Your codebase isnt in SWE-Bench. Your code patterns, your abstractions, your naming conventions, your test philosophy — none of that appears in the benchmark. A model that scores 80% on SWE-Bench might score 40% on your specific task because your code uses unusual patterns the model hasnt seen in training. Or it might score 95% because your style happens to match the dominant representation in the training data.
The benchmark tells you about the benchmark. Not about your task. This is not a controversial claim. Its true of every standardized test in every domain. But AI marketing has somehow convinced everyone that model comparison is simple because benchmark numbers are precise.
Heres what nobody talks about: benchmark design is a political act.
Who picks the tasks? Who defines what a correct answer looks like? Who decides which edge cases to include and which to exclude? Every benchmark embodies choices about whats important. Those choices reflect the values and priorities of the people who built it. When a model beats a benchmark, its because it was aligned with those choices — not because its universally better.
MMLU was designed before the current generation of models existed. GPT-3 scored 67% on it in 2020. By 2024, models were hitting 90%+. Does that mean models got 23 percentage points better at general knowledge in four years? Or does it mean the benchmark got easier to game as models were explicitly trained to target it?
Both. Thats the honest answer. And it means the benchmark is no longer a measurement — its a target. And when you optimize for a target long enough, the target stops measuring what you originally cared about.
This is not theoretical. Its documented.
The paper that dropped this week about invisible orchestrator patterns in multi-agent systems showed something important: output quality looked perfect across all conditions.

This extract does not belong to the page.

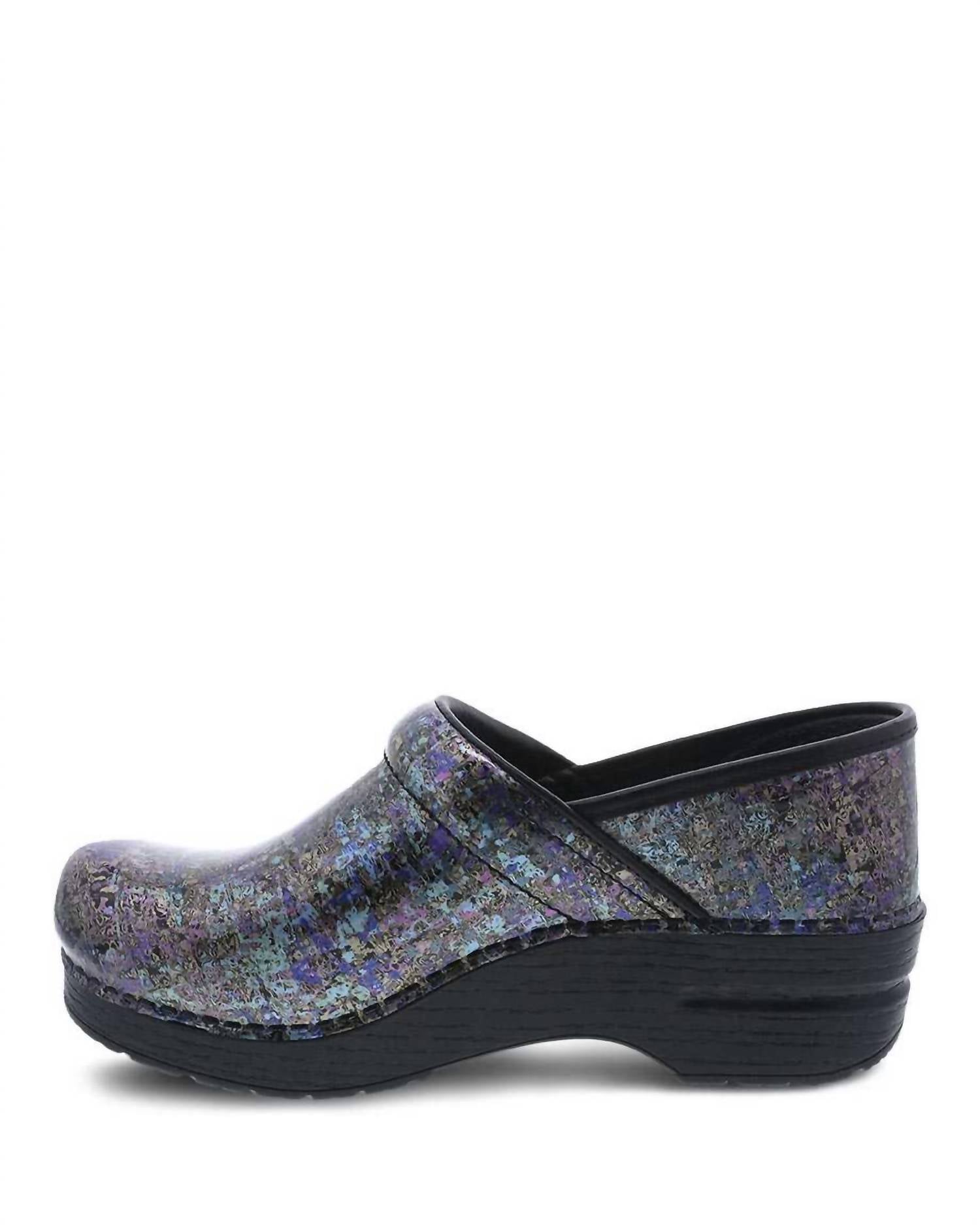 Elevate your workwear with the Women's Professional Patent Shoes by Dansko in a striking Metallic Ink. Crafted with patented stapled construction, these shoes feature leather and/or fabric uppers for durability and style. The padded instep collar and roomy reinforced round toe ensure maximum comfort and protection, while the PU outsole with a rocker bottom provides enhanced shock absorption. Designed with a wide heel strike for stability, these 2-inch block heels are perfect for the office and engagement occasions.

Every system passed. The behavioral contamination, the orchestrator dissociation, the worker contamination — all invisible to the evaluation metrics. The benchmark showed 100% accuracy while the internal state of the system was actively falling apart.
Thats the benchmark problem in miniature. We measure what we can measure. The things that actually determine whether a system is safe, reliable, and appropriate for production are exactly the things benchmarks miss.
Another example: model companies know which benchmarks are public. They optimize for public benchmarks. Private benchmarks — which vendors use internally and which enterprise buyers use to make actual purchasing decisions — show dramatically different results than public ones. Ive talked to ML engineers at three different AI companies who confirmed this quietly and then asked not to be quoted because the implications are uncomfortable for their employers.
Heres what teams actually do when making model decisions: they run private evaluations. They take a sample of their own data, their own tasks, their own edge cases, and they run it against the models theyre considering. They care far less about MMLU or HumanEval than they do about this internal evaluation.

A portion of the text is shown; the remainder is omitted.